Avenue Biosciences has raised $5.7 million in a seed extension round to scale a high-throughput protein engineering approach aimed at improving how therapeutic proteins get made.
The round was co-led by Balnord and Tesi, with participation from existing investors Voima Ventures, Inventure, the University of Helsinki, and Dimerent.
Avenue’s pitch centers on the “secretory pathway,” the cellular machinery that folds, modifies, and secretes proteins—an area the company argues is still under-optimized in biomanufacturing. “The secretory pathway is one of the remaining black boxes in therapeutic protein production.”
Its platform uses libraries of thousands of naturally occurring and engineered signal peptides, short sequences that influence how proteins enter and move through the secretory pathway, to measure protein biogenesis efficiency and generate large datasets that can be used to tune production for specific protein targets.

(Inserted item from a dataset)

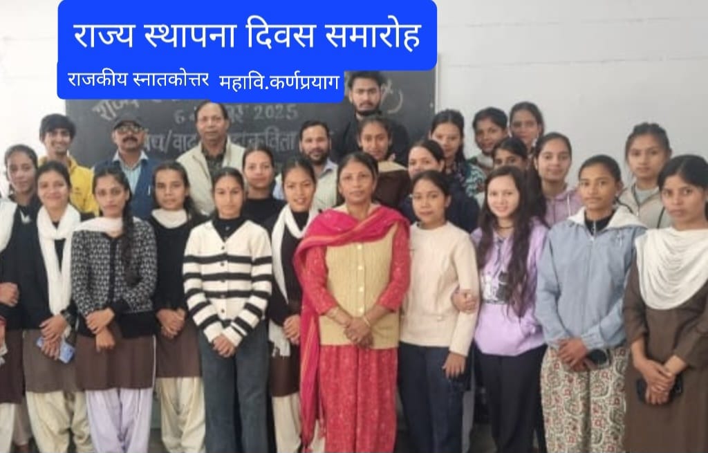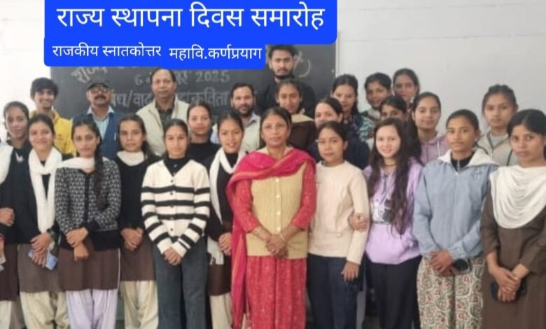 कर्णप्रयाग(अंकित तिवारी)। उत्तराखंड राज्य की स्थापना की रजत जयंती के अवसर पर राजकीय स्नातकोत्तर महाविद्यालय कर्णप्रयाग में एक विशेष कार्यक्रम का आयोजन किया गया। इस अवसर पर महाविद्यालय में निबंध, वाद- विवाद और स्वरचित कविता पाठ प्रतियोगिता का आयोजन किया गया, जिसमें छात्र-छात्राओं ने उत्तराखंड राज्य के इतिहास, महत्व और उपलब्धियों पर अपने विचार प्रस्तुत किए।
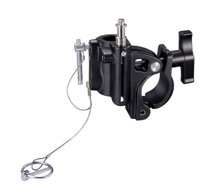 This aluminium gravity casting black Barrel Clamp works on diameters from 42mm to 52mm. It holds a payload of 40kg on a 16mm attachment and 600kg on a 28mm attachment. The clamp is Tuv Sud certified for maximum security for the user. It features 3 attachments: 5/8'' (16 mm) bushing, 1'' 1/8 (28 mm) bushing, and a 5/8'' (16 mm) spigot. This clamp is extremely strong, featuring a knob locking mechanism for easy operation, and it includes a safety cable.

As biologics become more complex, manufacturability can be a gating factor for whether programs move forward at all. “However, this adds complexity to the protein structure, adding manufacturing cost, or in the worst case, preventing the development completely.”
Because signal peptides are removed from the mature protein, Avenue says the approach can help improve manufacturing outcomes without changing the therapeutic target, including in biosimilars production.
The company said the financing brings its total funding raised since 2024 to $8.7 million, and traced the underlying technology to research from the University of Helsinki and the Ville Paavilainen laboratory. “Many life-altering therapeutic innovations remain out of reach for most of the global population.”